For their part, Africans on the whole seem less concerned with China's human rights record than the Western media. After decades of stagnation, many Africans have grown disillusioned with the IMF and the World Bank, and look to China for a no strings-attached alternative source of much-needed capital. While Western aid has emphasized food aid, education, health and human rights, China is fulfilling a crucial untapped need for something that, from an economic perspective, may be even more basic: infrastructure. Much of Africa's infrastructure has been left to rot since independence.
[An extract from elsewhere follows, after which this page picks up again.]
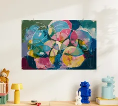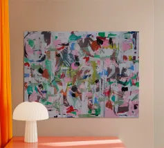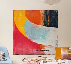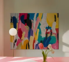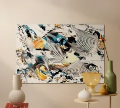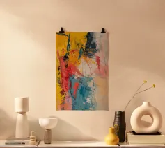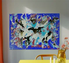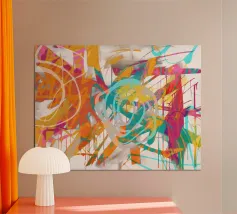 Questo dipinto astratto in acrilico cattura l'energia dinamica della tecnica dell'action painting, ispirata a Pollock. Vibranti schizzi di colore in rosso, giallo, blu e bianco creano linee fluide e motivi complessi che trasmettono movimento e profondità.

China's bids for oil and mining rights come with offers of hydroelectric power dams, railroads, roads and fiber-optic cables, which have the potential to benefit ordinary people, no matter how corrupt the regime under which they live.

China's endgame in Africa remains unclear. What is clear is that China will be a force to be reckoned with, and while that will mean more competition for Western countries and international institutions, it does not have to lead to conflict. China sees itself and wants to be seen internationally, as a respectable leader, and in Africa, as a transformative force offering an "alternative" model of development.

If Western countries can be a healthy counterbalance to Chinese influence in Africa, that will, in the long run, be good for Africa and the world. However, that requires looking at Africa and seeing beyond oil, beyond terrorism, beyond the images of famine and conflict. It requires that business look at Africa as it looks at any other market: an opportunity.